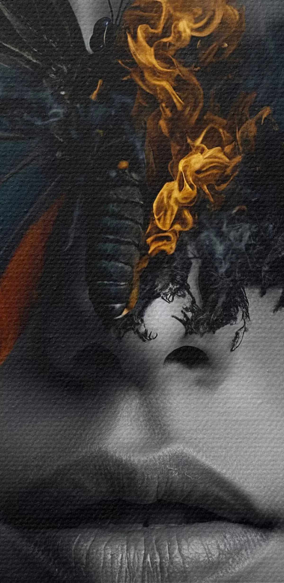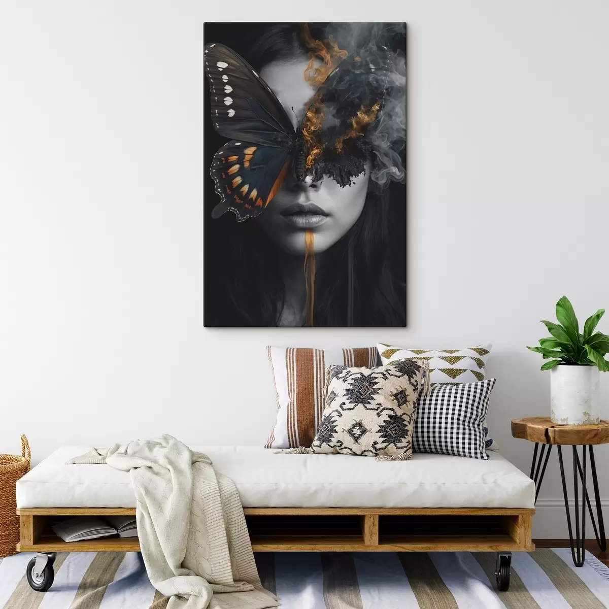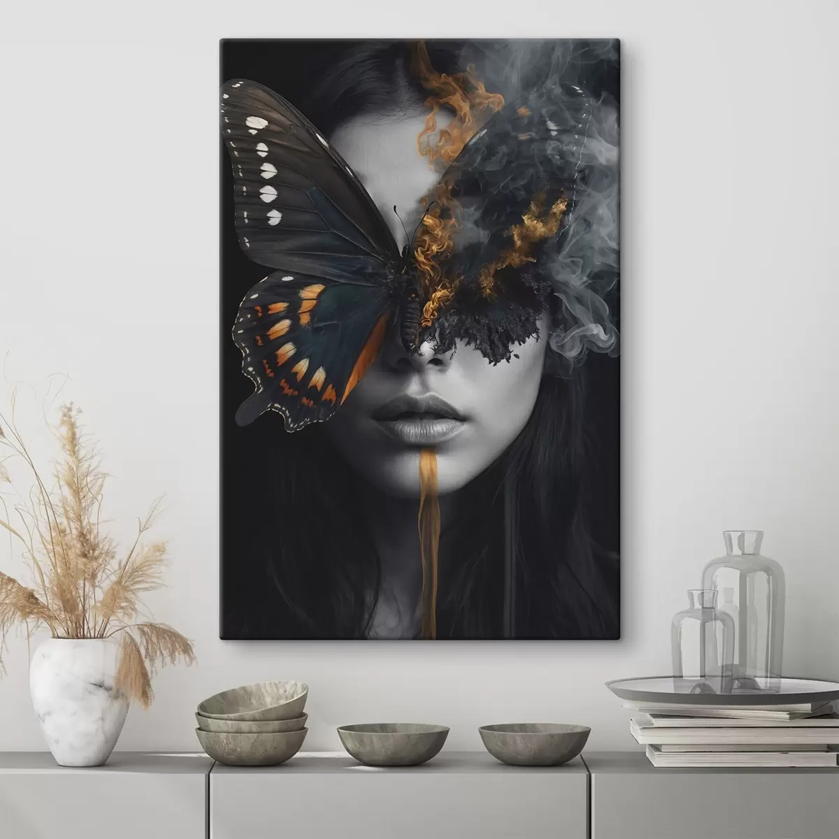 Schilderij Brandende vlinder op het gezicht van een meisje Art. s44468
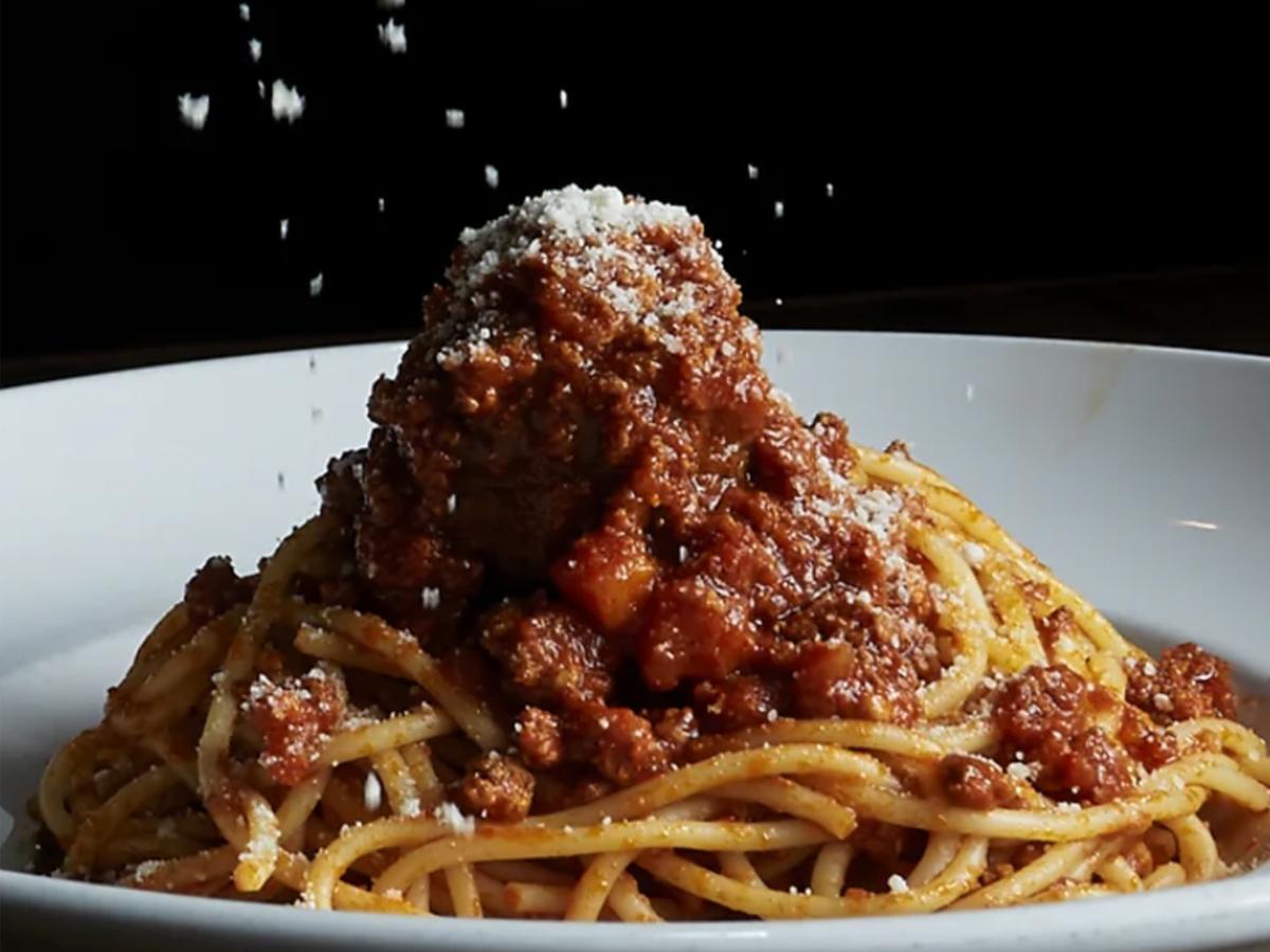 Spaghetti pasta with homemade meatballs in Bolognese sauce.
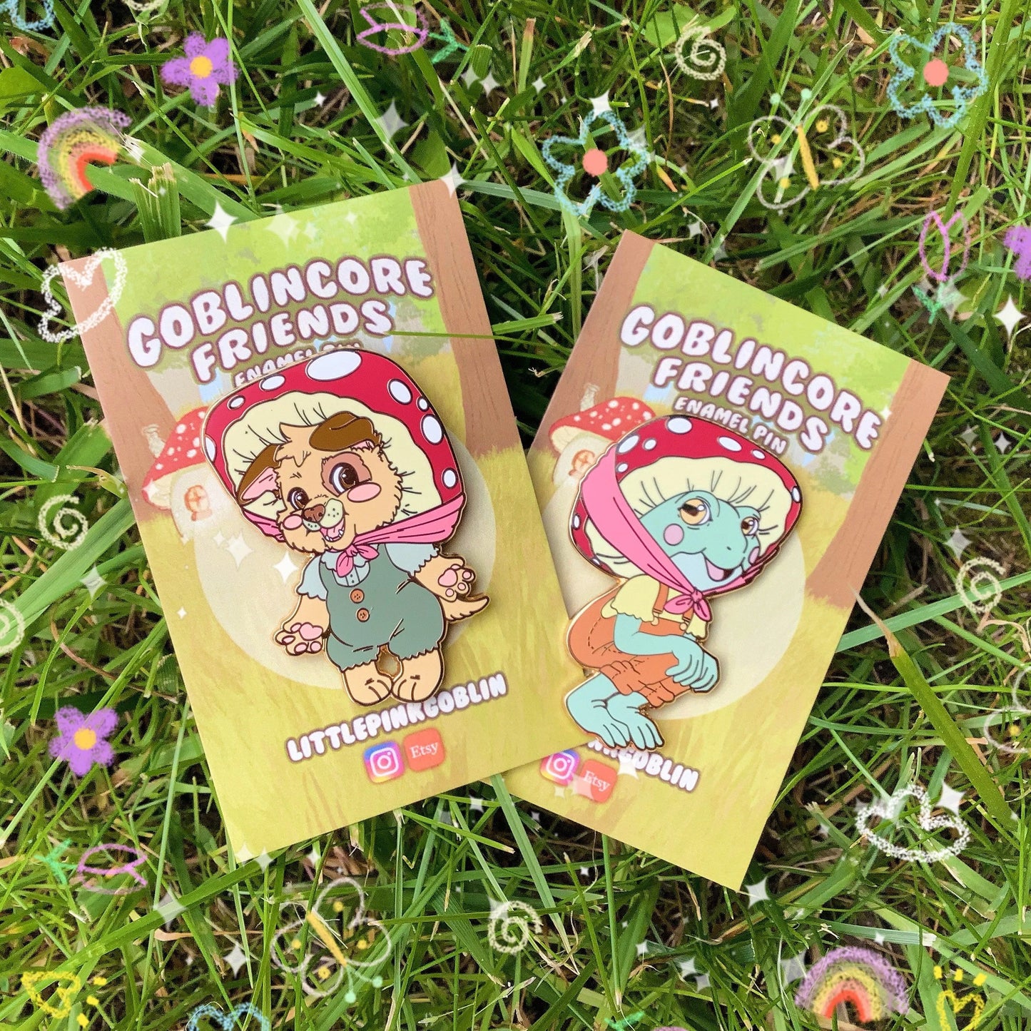 🍄✨🌈🧚🏻♂️🍃🐸 These adorable little Goblincore friends, Oakley and Banjo are very excited to be enamel pins!

---*---

Directions for this task – Exact copy, no pictures: please print the data above once more.

Written answer –
 Schilderij Brandende vlinder op het gezicht van een meisje Art. s44468
 Spaghetti pasta with homemade meatballs in Bolognese sauce.
 🍄✨🌈🧚🏻♂️🍃🐸 These adorable little Goblincore friends, Oakley and Banjo are very excited to be enamel pins!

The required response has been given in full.